So Thom and I walk all the way back to the car and as we are pulling off to go home, he calls me and tells me to come back. So we head on back, because if there is a motto I live by, then it's leave no man behind. We get back and he needs us to drive him to his ex-boyfriends place for the night. Cool. I know his ex, and I feel comfortable doing that and leaving him in the care of someone who knows him well and cares about him. Of course, I knew the dude who I didn't like would not be pleased at this, but whatever, I'm not leaving a homie behind. So we walk all the way across downtown Atlanta to get to his car. So we are driving and about ready to have Thom follow us when the dude I don't like calls. I don't know what was said, but after a lot of squaking and yelling, my friend is like ok I'll stay. And tells me to take him back to the parking deck so he can stay and go to the hotel room.
Now look. I don't know if I was right for this. But I pulled over the car and told him to get there himself, and to also never call me if he needed help again. Here's my thing. You are 20 years old and not of age to be drinking in the first place. Drunk off your ass in Atlanta. You've already called me back from leaving to come get you. Never said thank you for doing so. Your ordering me to drive you places like I have to do this shit. It's three in the morning and you want to rip and run the streets of Atlanta looking like a hot mess? And you want me to take you to some strangers hotel room, who I don't really trust or like all that much. A hotel room which, unless I am mistaken, you haven't paid a dime on? I'm not taking part of these shennanigans. It was one thing that I know his ex boyfriend, and I would have no problem taking him back home. But I am not taking you to someones hotel room who you have barely known for three months.
Maybe that's just me. I know the last thing I would want to do if I was tore up and drunk in Atlanta, is go to some random hotel room. I'm taking my ass home. There will be no boom boom room for Chris. No after party, and no I do not want to see your pictures from when you went to the white party in Miami. I certainly would not want to spend more time with someone after I burst into tears in front of him. Whether he caused it or not. I'm taking my ass home to get some bread and water. The night is over. Have we learned nothing from Kobe Bryant people?!?
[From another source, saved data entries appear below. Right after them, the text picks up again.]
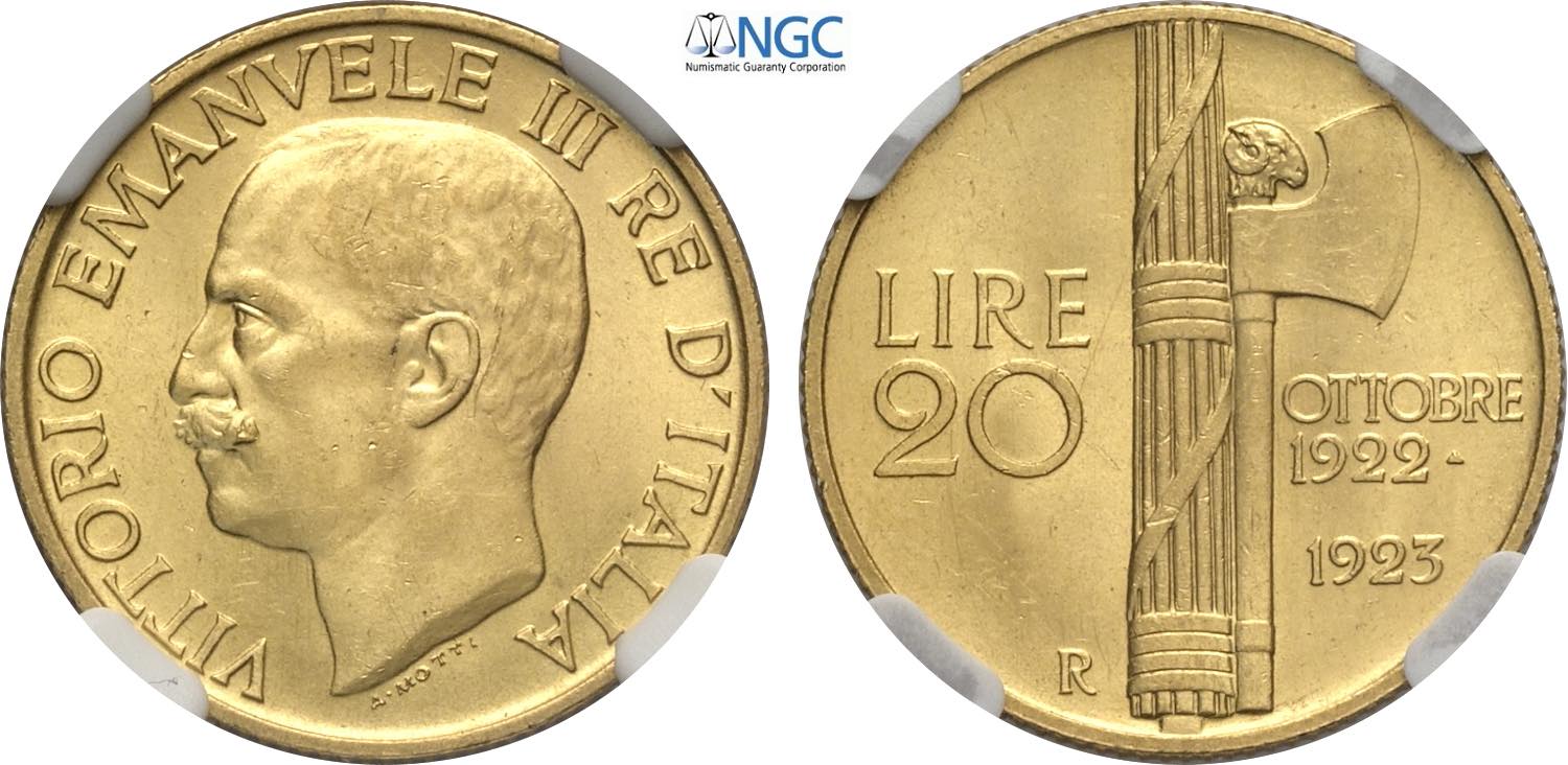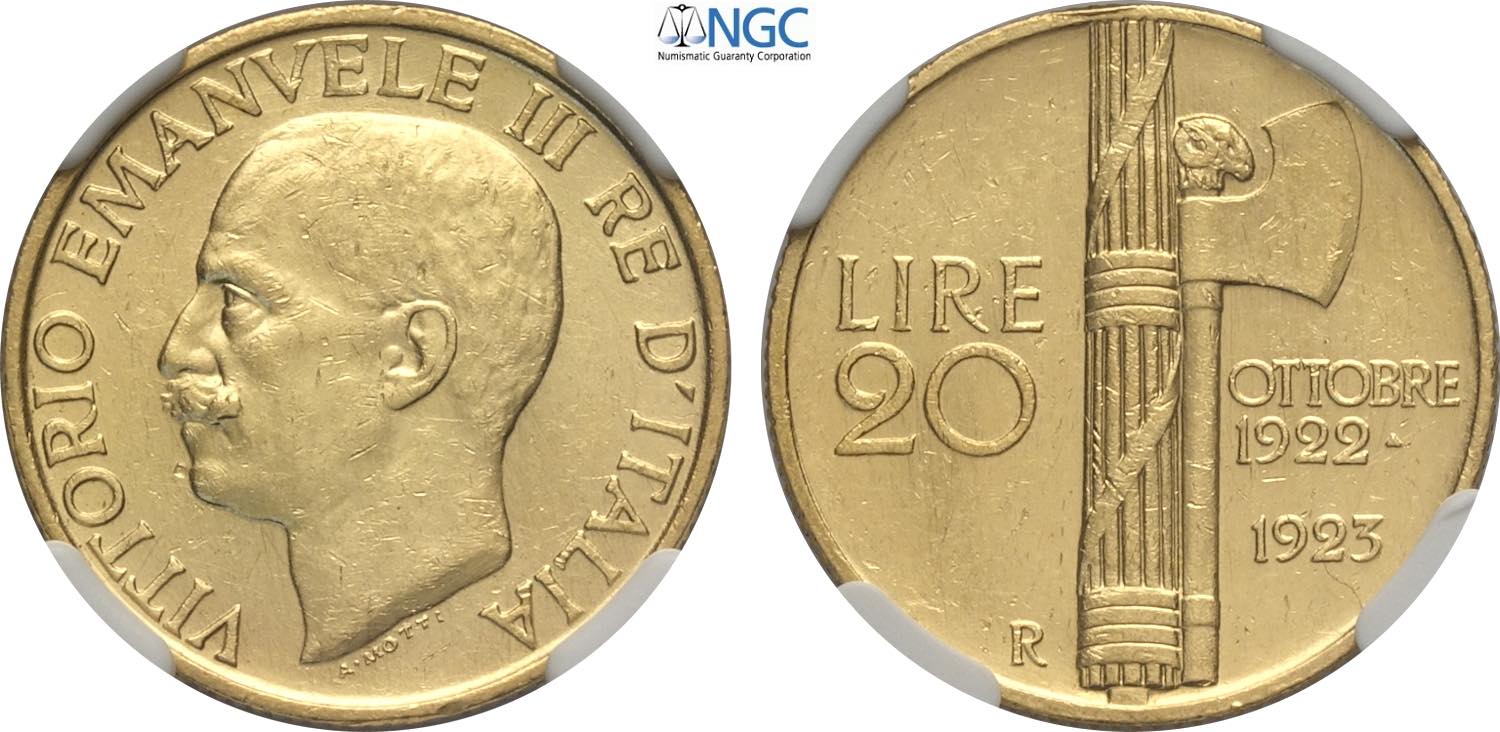 Regno d'Italia, Vittorio Emanuele III (1900-1943), 20 Lire 1923, Rara Au 21 mm, 6,45 g, di gran qualità, in Slab NGC MS63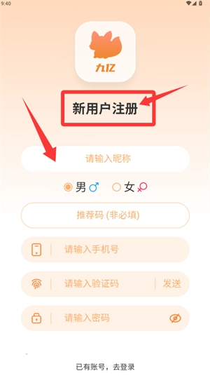 新用户需要点击注册入口,填写昵称、手机号等信息来完成账号创建。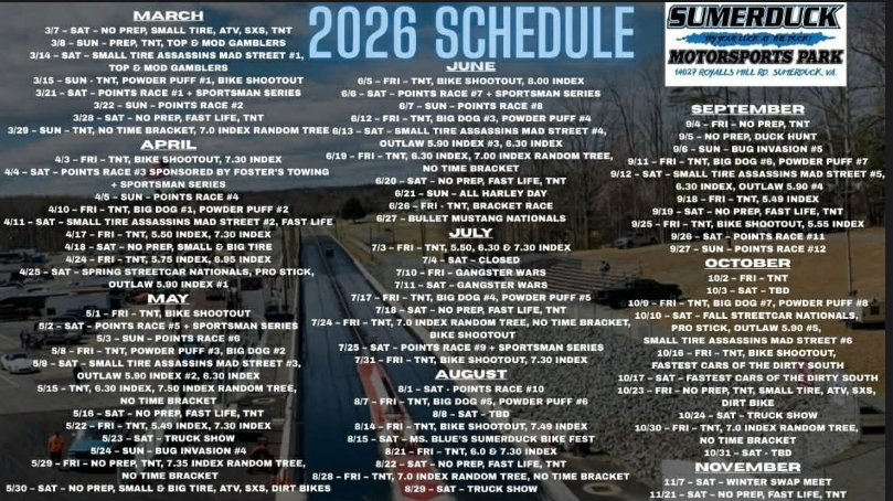 RACING SCHEDULE AT SUMERDUCK
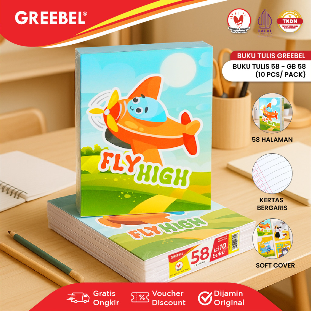GREEBEL Buku Tulis 38 58 Lembar (10PCS/PACK) Ukuran A5 Buku Tulis Sekolah / School Book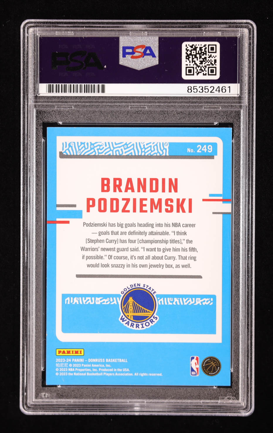 Brandin Podziemski Signed 2023-24 Donruss #249 RC (PSA)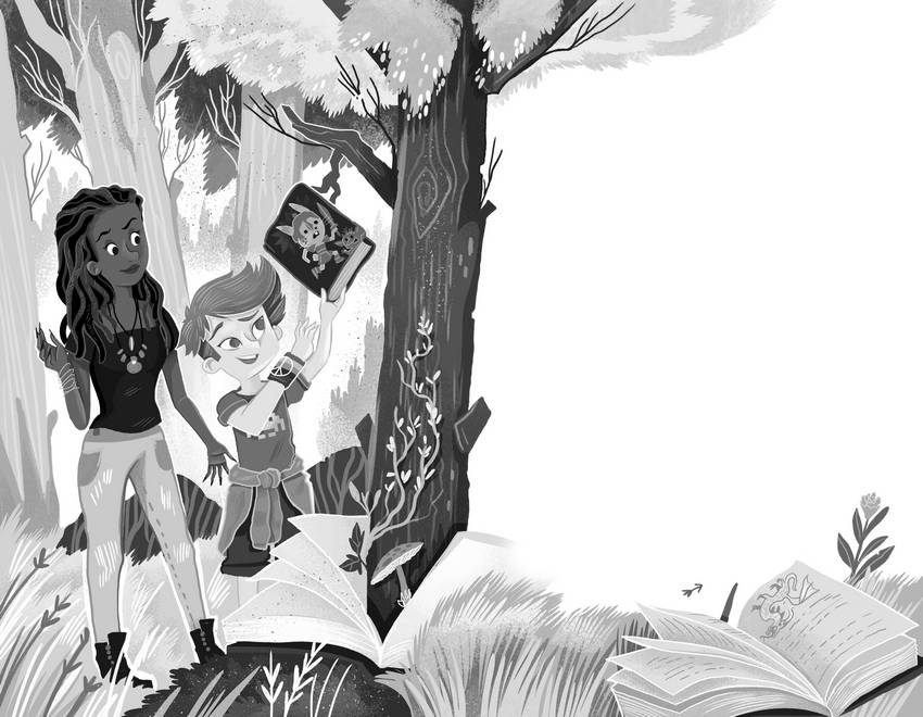 Фэйт сделала несколько шагов вперёд и показала на ветки ближайшего дерева. Среди листьев-страниц, словно спелый фрукт, висела книга под названием «Магический суперквест». На обложке был нарисован мультяшный кролик в доспехах, а рядом с ним – гоблин.

And it honestly felt horrible to leave him there, but it also pissed me off because it showed a slight lack of respect on his part for my role as a friend. Number one I know well and good that if I hadnt called him then I sure as hell would not have received an invite to hang out in ATL. And when we did get there, all of a sudden your acting like we havn't hung out at all because of who your out with? I'm well aware that I am not his best friend, and that I am just one of his many friends. But I tend to treat all my friends the same as Thom, Liz, Sara and Brandon regardless of how long I have known them. And also, how whipped has this dude got you? Your a grown ass man, drunk in a place you don't need to be, and all of a sudden he calls and your running back to a random hotel room? Take your ass home. I have no problem with going out and having a good time, because we all did it. But I also had trusted friends who I had known for years, where if shit popped off, I knew they had my back.
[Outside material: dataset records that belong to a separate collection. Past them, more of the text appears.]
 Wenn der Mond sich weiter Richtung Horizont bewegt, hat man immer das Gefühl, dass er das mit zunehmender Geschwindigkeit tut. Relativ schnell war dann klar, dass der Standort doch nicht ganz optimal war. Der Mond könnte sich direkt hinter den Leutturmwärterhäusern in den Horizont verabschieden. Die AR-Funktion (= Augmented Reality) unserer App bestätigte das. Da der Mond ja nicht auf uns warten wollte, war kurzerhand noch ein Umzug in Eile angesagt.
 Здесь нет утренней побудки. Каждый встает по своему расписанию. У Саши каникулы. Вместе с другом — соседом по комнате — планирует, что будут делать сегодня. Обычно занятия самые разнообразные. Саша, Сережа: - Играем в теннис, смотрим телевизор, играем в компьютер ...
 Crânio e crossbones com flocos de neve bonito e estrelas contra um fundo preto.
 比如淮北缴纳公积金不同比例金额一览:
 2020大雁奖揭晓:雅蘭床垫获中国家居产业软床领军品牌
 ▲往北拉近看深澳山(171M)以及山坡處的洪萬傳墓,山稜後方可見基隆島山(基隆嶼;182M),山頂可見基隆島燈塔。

So that was my evening. I feel bad, so I am going to have to call and talk to him about it. Then again it's not even as if he tried to see what was going on last night so. I'm cutting the fat with some of these friends. Everything must go lol. It feels kind of liberating to finally stand up though. All in all though I had a real nice time in Atlanta. I'm gonna have to try going back there a little bit. Although if your drunk and wanting to act all crazy, then don't call me.